### Instructions for the task
Give back exactly the lines from the one that holds "热油爆香姜蒜,下入腐竹同炒" through the final line of the data; omit the pictures and add nothing.

### Source material

━━━━

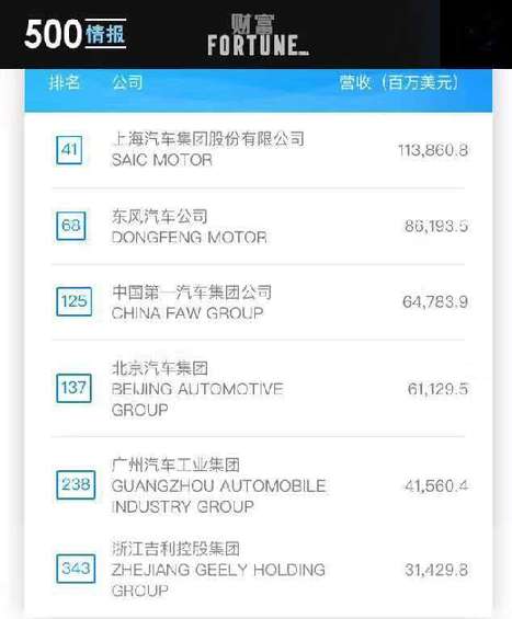 2017年7月20日,美國《財(cái)富》雜志正式公布“2017世界500強(qiáng)企業(yè)”排名。在今年的榜單中,中國上榜公司數(shù)量連續(xù)十四年增長,達(dá)到115家,僅次于美國,遠(yuǎn)遠(yuǎn)超越排在第三位的日本。而在這些大型企業(yè)佼佼者中,共有6家中國車企成功入選,分別是:上海汽車集團(tuán)股份有限公司,位列41名;東風(fēng)汽車公司,位列68名;中國第一汽車集團(tuán)公司,位列125名;北京汽車集團(tuán),位列137名;廣州汽車工業(yè)集團(tuán),位列238名;浙江吉利控股集團(tuán),位列343名。6家車企2016年?duì)I收總和達(dá)3989.59億美元,凸顯“中國制造”不俗實(shí)力。
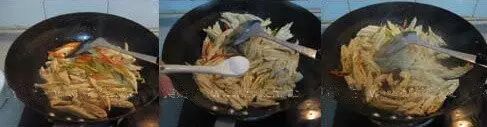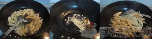 热油爆香姜蒜,下入腐竹同炒
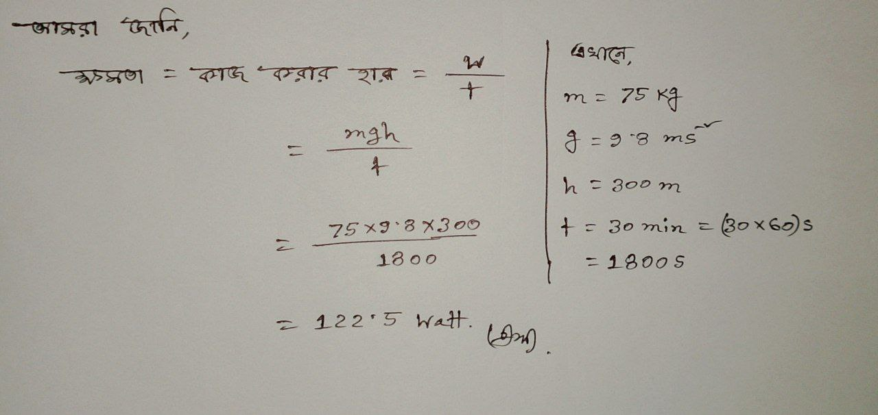 75kgভরের এক ব্যক্তি 30 মিনিটে 300 মিটার উচুতে উঠে। তার কাজ করার হার কত?
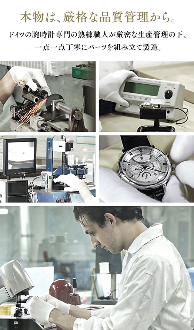 ドイツの腕時計専門の熟練職人が厳密な生産管理の下、一点一点丁寧にパーツを組み立てています。

━━━━

### Output of the task
 热油爆香姜蒜,下入腐竹同炒
 75kgভরের এক ব্যক্তি 30 মিনিটে 300 মিটার উচুতে উঠে। তার কাজ করার হার কত?
 ドイツの腕時計専門の熟練職人が厳密な生産管理の下、一点一点丁寧にパーツを組み立てています。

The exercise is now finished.